昔と今とで呼び方が変わった言葉

 新型コロナの蔓延によって閉塞した状況を劇的に変えてくれるかもしれないワクチン接種がいよいよ日本でも始まった。もちろん「変異種にも効くのだろうか」「順調に接種が進むのだろうか」といった懸念事項もまだまだ多いが、そんな中ニュースでもちょっと聞き慣れない言葉が飛び交うようになった。
 「副反応」だ。
 もちろんワクチン接種によって想定外の効果が出てしまい、最悪の場合アナフィラキシーショックで命の危険にさらされかねない要注意事項であることは分かるのだが、一方こう思う人もいるのではないだろうか。「あれ、これって"副作用"って言うんじゃないの?」
 ひょっとして「副作用」っていつの間にか「副反応」って呼ぶようになったのかな、と気になって僕も調べてみた。
 それで分かったのだがこの2つ、確かに「副作用」の方がよく聞く言葉だけど、これは薬、即ち治療薬において想定外の効果が出てしまう場合には「副作用」を使い、対してワクチンでの想定外の効果を「副反応」という、明確に使い分けがされていることがわかった。新型コロナに関して言えば、アビガンやレムデシビルに対しては「副作用」、今回のファイザーその他によって作られたワクチンには「副反応」が使われるのだ。

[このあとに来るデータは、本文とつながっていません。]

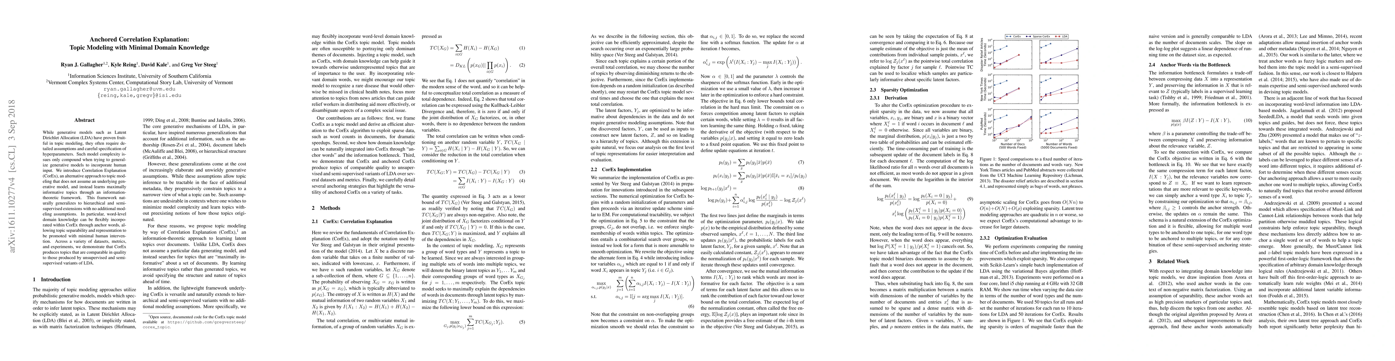 The paper introduces Correlation Explanation (CorEx), a novel topic modeling approach that avoids the complexity of generative models like LDA by learning topics through an information-theoretic framework. CorEx can flexibly incorporate minimal domain knowledge via anchor words, producing comparable topic modeling results with less human intervention.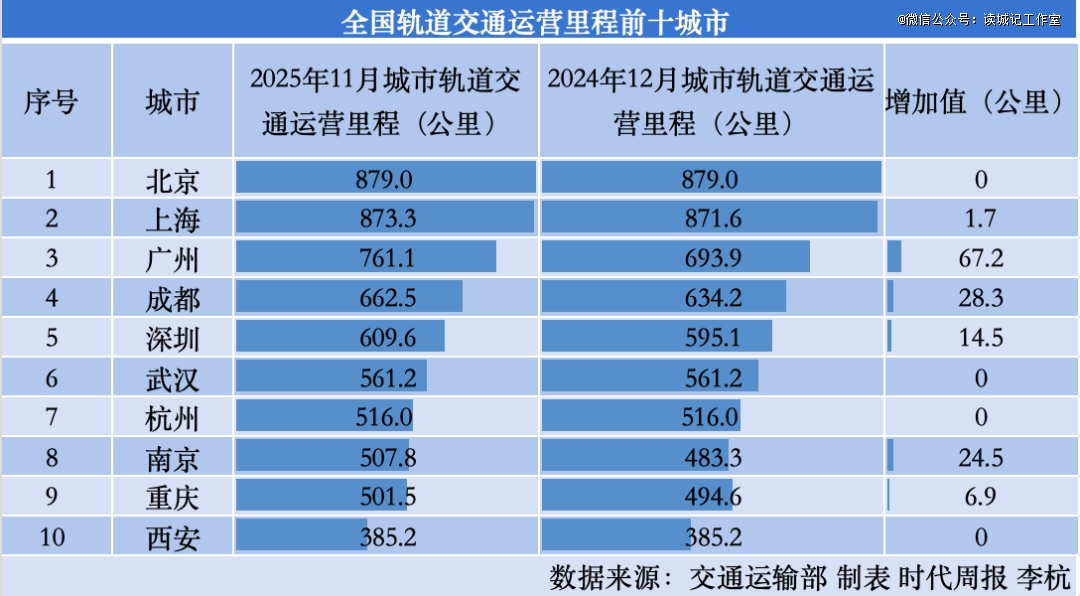 进入12月,多个城市陆续开通新的轨道交通线路,上述城市排名可能会出现相应调整。

 そういえばコロナウイルスの「ウイルス」だってかつては「ビールス」っていってたよな、と思い出す。これはどちらも綴りは"virus"であり、英語での発音をカタカナで書けばむしろ"ヴァイラス"に近い。ただこれを1970年代ぐらいまではドイツ語読みに近い「ビールス」と表記していたものを、その後正式に「ウイルス」と表記するように正式決定したもので、どちらも元は同じもの、表記の揺れと言っていい。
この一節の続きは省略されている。